From time to time I can find it difficult to think of new ideas of what work to produce. I've found that 10 minutes browsing Pinterest can work wonders for inspiration, haha, but I think the best source for material is out there in the real world. I am working on a little story right now, I'd love to share more information but it is part of my animation portfolio and I can't really give much away, yet. But the ideas came flooding to me whilst I spent almost 4 weeks traveling Canada this summer. It's by far the most beautiful place I have ever visited!

What is the hardest thing about following your dream?

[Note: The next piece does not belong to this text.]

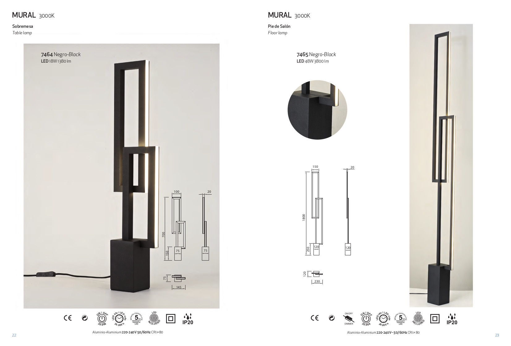 Осветителното тяло 7465 48W/3000K Black Floor Lamp ще осигури комфорт и естетика във всяко помещение, в което се постави. Цялостната визия и дизайн на лампата и вложените в изработката й материали, като алуминий в черен цвят, дифузер от полимер в бяло, ще допринесат за един неповторим стил. Благодарение на дългогодишния опит, качествените материали и строгия контрол на качеството на изработка на производителя Mantra (Испания), 7465 48W/3000K Black Floor Lamp е на високо европейско ниво.

The hardest thing about following my dream, I guess, would be money. I come from a small town In England, the area where I'm from doesn't exactly care for anything art related. The education here isn't too bad, I mean it costs £9k a year ($13,800.15) but nobody pays that back. I want to move to a country that can offer me the course I dream of. Sure, some universities offer animation here, but it’s like 'Okay, I've got my degree, now what?' The market for animation is very small. Pretty much every animated movie you see on TV or on the big screen is American. I dream of studying abroad and being employed by an animation company.  Making movies for people of all ages, to inspire generations and create stories that will stay in their hearts forever. But being an international student I will have to pay more money than what I would have to pay here. College doesn't come cheap as I'm sure you all know. If I'm super lucky (fingers crossed) I'll be able to grab myself a scholarship, but who knows!

Where do you see yourself in five years? What are you doing to reach your goal?

In five years’ time, I would honestly like to say I see myself working for an animation studio. But who knows! Five years is a long time. If I told myself 5 years ago that I'd be aiming to move to Canada to study I’d have called bull! I think I'm just gonna ride this one out and see how it goes. I would rather attempt and fail than not attempt at all. I don't want to live a life of 'what if'.

Did you come from an artistic family?

Surprisingly, I don't come from an artistic family. But my biggest inspiration has got to be my grandpa. He grew up in the same town as I did and he knew exactly what he wanted to do in life. He attended night classes in chemistry, and managed to secure a job at Croda (a British speciality chemicals company) cleaning the floors of the labs. In time, he managed to build his way up from sweeping floors to becoming the manager of the company. I love that. Also, my uncle is the same! He studied psychology at Oxford University and moved to Canada where he has lived since before I was born. I visited his home actually for the first time this summer whilst I was over there! My family inspire me greatly.

(Above) This creation caught my attention because of the strong imagery. I can’t help but interpret it in an almost dark, sad way as if the man is suffering. Is he sleeping or dead? Was that the intention? What does this drawing mean? Why did you create it and how do you hope people will interpret it?

The photo on the right was actually a commission piece I did for someone. He was a photographer. This photo, I believe, was from his first photography shoot. Nonetheless, I enjoyed working on this piece so much! I'm not exactly sure what the guy was intending to create with the photo, but I see it as a man that has collapsed due to medical reasons. It was just so different to all the other commissions I had taken on. Usually people come to me asking to draw their babies or dogs, haha. Actually, the strangest order I've had was to draw a sperm dressed in army gear.

Do you plan to or currently conduct any workshops? If so, when, where and how often? Where can people find more information?

Like I said earlier, sadly my area doesn't really care for art. So conducting a workshop could possibly be a great flop! I'd love to be able to set up one, but I guess it all depends on the demand. Maybe someday!